The second quarter of 2014 saw consecutive months of gains, and it looked like that trend was continuing into the third quarter. However, due to a increasing lack of interest from all-cash investors, existing-home sales in August slipped, according to the National Association of Realtors.
The association’s report revealed that total existing-home sales, considering transactions of all property types – single-family homes, townhomes, condominiums and co-ops – decreased 1.8 percent to a seasonally adjusted annual rate of just over 5 million.
NAR researchers say that sales are still at the second-highest pace of 2014, but remain 5.3 percent behind figures from August 2013.
And the North Prevails
While the overall decreases reflect the condition of the national market, NAR also examined the performance of the four regional markets, finding that:
- In the Northeast, existing-home sales leaped 4.7 percent to an annual rate of 670,000, but remain 4.3 percent below last August’s levels.

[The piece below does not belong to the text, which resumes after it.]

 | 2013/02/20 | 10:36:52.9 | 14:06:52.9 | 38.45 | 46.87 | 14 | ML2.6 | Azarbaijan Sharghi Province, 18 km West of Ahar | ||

- In the Midwest, existing-home sales rose 2.5 percent to an annual rate of 1.24 million, but remain 3.9 percent below last August’s levels.

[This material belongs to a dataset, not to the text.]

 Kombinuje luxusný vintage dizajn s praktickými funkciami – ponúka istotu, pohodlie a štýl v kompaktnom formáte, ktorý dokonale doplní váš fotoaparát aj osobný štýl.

- In the South, existing-home sales declined 4.2 percent to an annual rate of 2.03 million. Levels remain 4.2 percent below last August.
- In the West, existing-home sales declined 5.1 percent to an annual rate of 1.11 million. Levels remain 9.8 percent below last August.
Shedding Investors Could Be a Good Thing
While sales activity did diminish in August, it’s not all necessarily bad. Both NAR President Steve Brown and the group’s chief economist Lawrence Yun agree that the fall in sales is the result of decreased investor interest, which could help decongest avenues to homeownership in competitive markets.
“There was a marked decline in all-cash sales from investors,” Yun says. “On the positive side, first-time buyers have a better chance of purchasing a home now that bidding wars are receding and supply constraints have significantly eased in many parts of the country.”
So long as job growth and wages continue to improve, Yun adds, pent up demand in the truly competitive markets, like Houston, can begin easing, making it ultimately more appealing for buyers dependent on financing to purchase.